Police cuts are "here to stay" according to Chief Inspector of the Constabulary Sir Tom Winsor.

The head of the police watchdog said there is room for further cuts but acknowledged that the police would have to focus more on serious crime.

Sir Tom said the police need to "work smarter" as inevitably the service will be smaller as he called for more action to tackle cyber crime.

His comments contrasted with those of Scotland Yard commissioner Sir Bernard Hogan-Howe, who last month warned of a threat to public safety without radical reform of the police in the face of budget cuts.

Association of Chief Police Officers president Sir Hugh Orde also claimed last month that police forces were struggling to deal with reductions in funding.

But Sir Tom said further cuts are inevitable.

He told BBC Radio 4's The World This Weekend: "Austerity is here to stay.

"The police have already made and done it well in the main, cuts of 20% in the last four years, and they are facing cuts of a further 5% next year.

"There will inevitably be a time where they can't take any more but let us remember that measured crime has fallen dramatically but so have the demands made on the police.

"We are heading for a smaller police service."

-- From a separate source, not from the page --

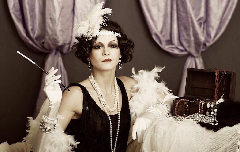 Укладываем волосы в мягкую волну и украшаем прическу повязками, перьями, бусами и фатой в стиле 30-х годов. Красиво дополнят образ нитки бус из их жемчуга. Для этого образа подойдут духи с пудровым или розовым ароматом.
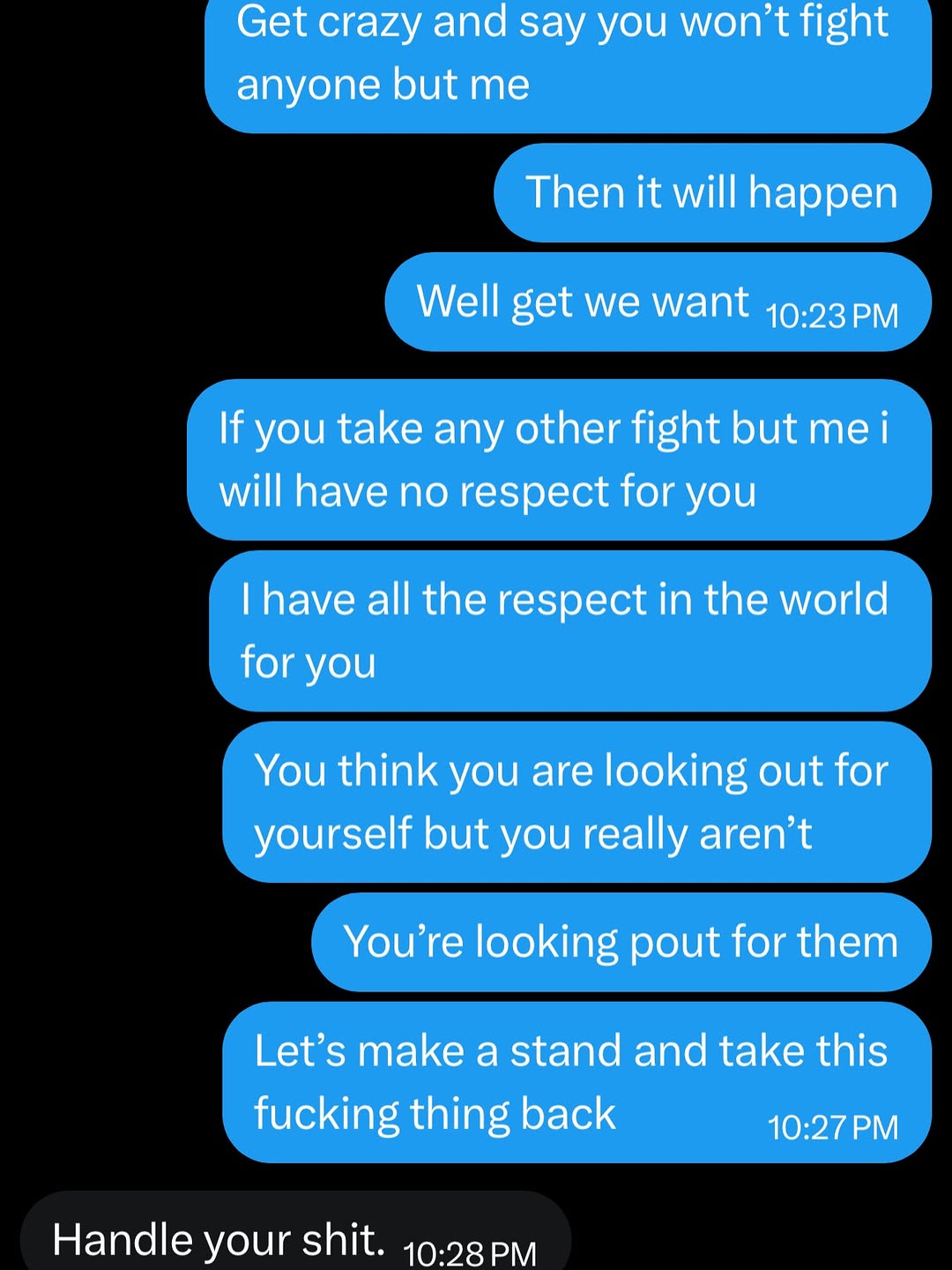 In the leaked messages, Iaquinta proposed a united front. “They need us to headline this card. I want 150 and 50 to fight you. That’s not unreasonable,” he wrote.

Asked if there was room for further cuts, Sir Tom said: "In some respects there are further efficiencies to be obtained, that is undoubtedly the case.

"They need to work smarter because they will be working smaller."

Sir Tom said police forces have not done enough work to analyse new demands being made on them, particular with regards to cyber crime.

He said: "Any crime that is reported to the police has to be taken seriously, however there are crimes that are more serious than others.

"Nobody would argue that shoplifting is as serious as a violent assault and therefore the police need to look for the crimes that matter most to people, that do greatest harms to communities - serious and organised crime, drugs, violent offences, the grooming and sexual exploitation of children.

"Those are things that need to be properly assessed and the police I'm afraid to say have done very little adequate work in modelling, in assessing, in measuring, in analysing the demands that are made on them on a national and regional basis.

"It means that they need to understand the kinds of crimes that people are experiencing now - cyber crime, cyber enabled crime, the sexual exploitation of children, crimes that are either enabled by the internet or indeed carried out using the internet."